When thinking about the content of the play and how she would stage it today, she says, “If this is about first-wave feminism and about privileged, cis-gendered, white, able-bodied women and what they need to do to reclaim their space—I figured as hard a pill it is to swallow then—I think now that wouldn’t pack as much as a punch. Now, it’s a matter of catching up people who are systematically marginalized.”
Trifles was originally a 1916 play, focusing on a group of men and women who show up to a murder scene at a house. When the women solve the crime and realize the motive, the men overlook their brilliance because of the simple fact of their femininity.
Director Christina Orjalo tells me that their version touches on the same storyline, but the difference? An all-female cast. “Our version is the same foundation but we took out all the men and put in women, because women don’t get enough chances to get up there. It’s the same circumstances where a wife kills her husband […] the women are mostly all police officers.” She says that their play has strong themes of “power dynamics, internalized homophobia, and internal sexism.”
With all the work they’ve put into the re-focusing of this show, the cast and crew are mostly excited about what audiences will walk away with. Daniella Dela Peña, head of wardrobe and assistant director says, “It’s been a really fun process, and I think […] it was great just being able to see what women and women of colour were able to bring to the table. It was just nice to see the widespread of interest in the play itself.”
Saskia Muller, who plays Investigator Garcia in Trifles, echoes the same thought. “It’s been really great working with a team of strong, young people. Joining the project, I didn’t have reservations. I was really excited to explore this in a 21st century lens.
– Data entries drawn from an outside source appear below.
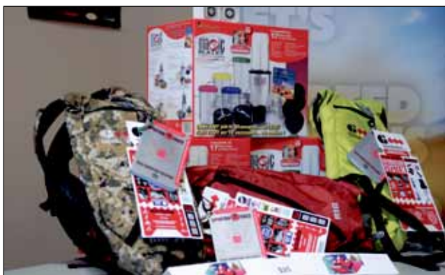
The prizes for the Health and Wellness Challenge.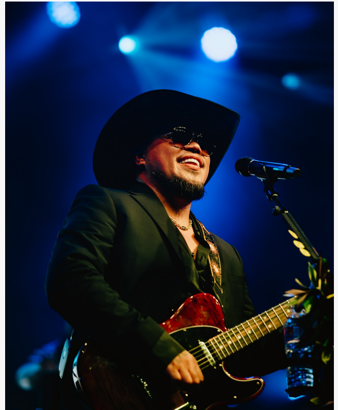
Maoli Music sets the tone in Las Vegas at The Theater, Virgin Hotels atop Smartstage rental staging

https://www.smartstage.com/maoli-music-makes-history-with-smartstage-at-the-theater-virgin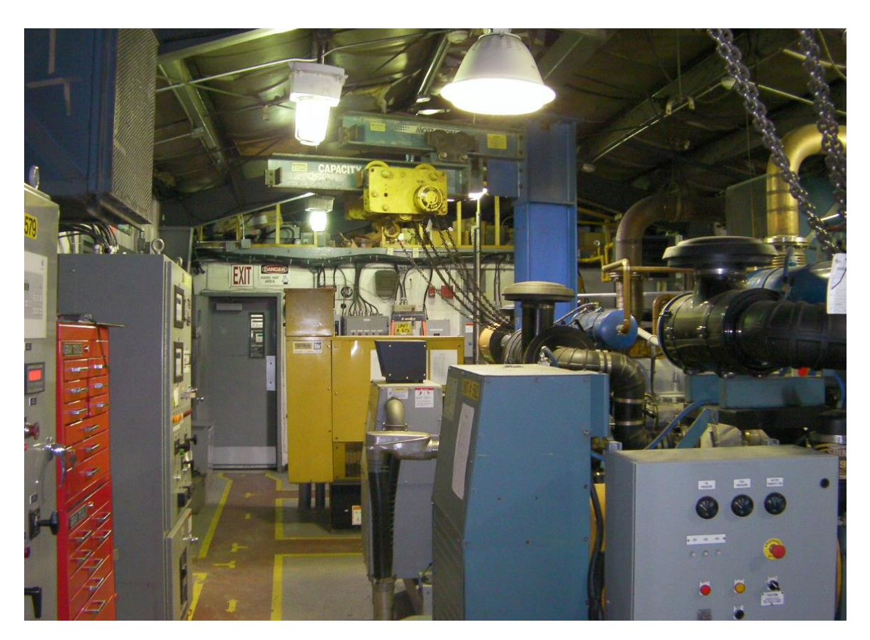
Figure 2: Black Tickle – Diesel Generators in Powerhouse

The project will install a water mist fire protection system at the Black Tickle Generating Station. The system sprays water and nitrogen, which produces a blanket of atomized water particles that absorb heat and smother the fire. This system will be used in the diesel generator main hall area (Figure 2) and other interior spaces requiring fire protection including the transformer room and the lube and coolant storage room.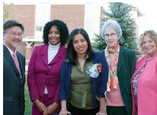
▲ ALUMNI REUNION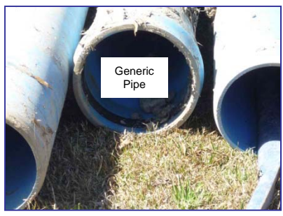
Approximately 7,360 linear feet of 16inch force main will be constructed in the project area.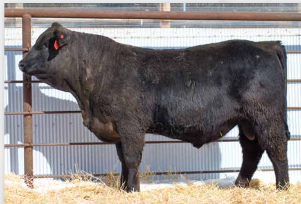
JX735 Sells as Lot 82.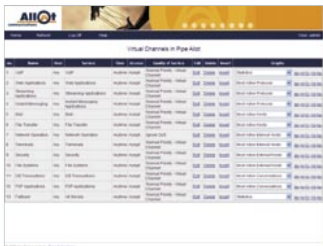
NPP self-provisioning "My Pipe" view

Being white, cis-gendered and straight, I realized that I need to recognize my privilege in the room as my character and work with that.”
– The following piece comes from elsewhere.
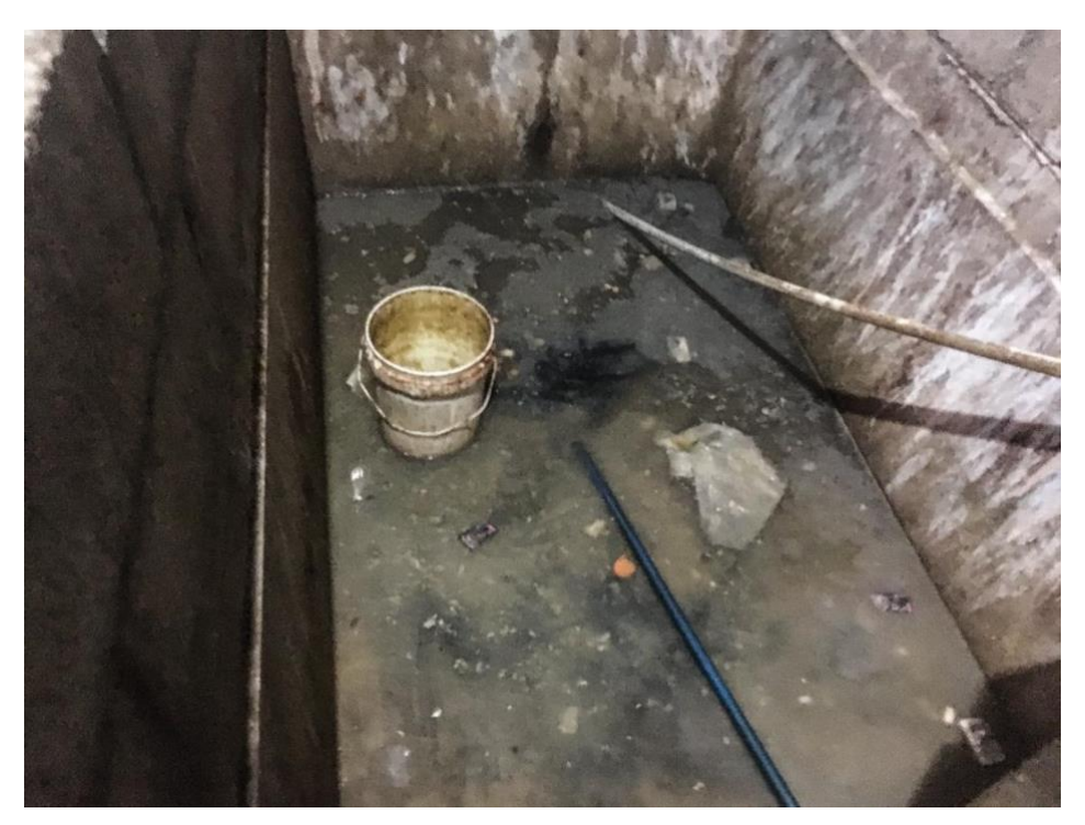
The bathroom is clogged for several days now. It is practically unusable. There are only two bathrooms in this colony.

Muller says that since her character’s fight is to prove herself, she feels that most women today, including herself, have to go through this. Watching lots of strong male leads on television growing up, Muller says that she’s always felt that she’s needed to top it.
It seems that a lot of the cast and crew may identify with these same notions. Stage manager Bronwyn Keough tells me that through the audition process, actors had to prove how much this discrimination still exists. “We asked them to come in with a monologue and we had a set of questions for them specifically on whether or not they ever felt discriminated against as a woman, or whatever gender they identified with, and we wanted to get their opinions on how we’re taking on Trifles.”
According to the cast and crew, this show will be entertaining for all, especially if you’re willing to see strong female leads in roles they’ve seldom played in the past. Keough sums it up nicely when she says, “[Audiences] will be seeing a different take on power dynamics within relationships with women, because so often a woman’s role in theatre is determined by her relationship with a man, and that’s absolutely not the case here because there are no men present. It’s just based on their relationships with themselves and their relationships with the women around them.”
EDSS’s production of Trifles will run November 16-17 at the MiST Theatre.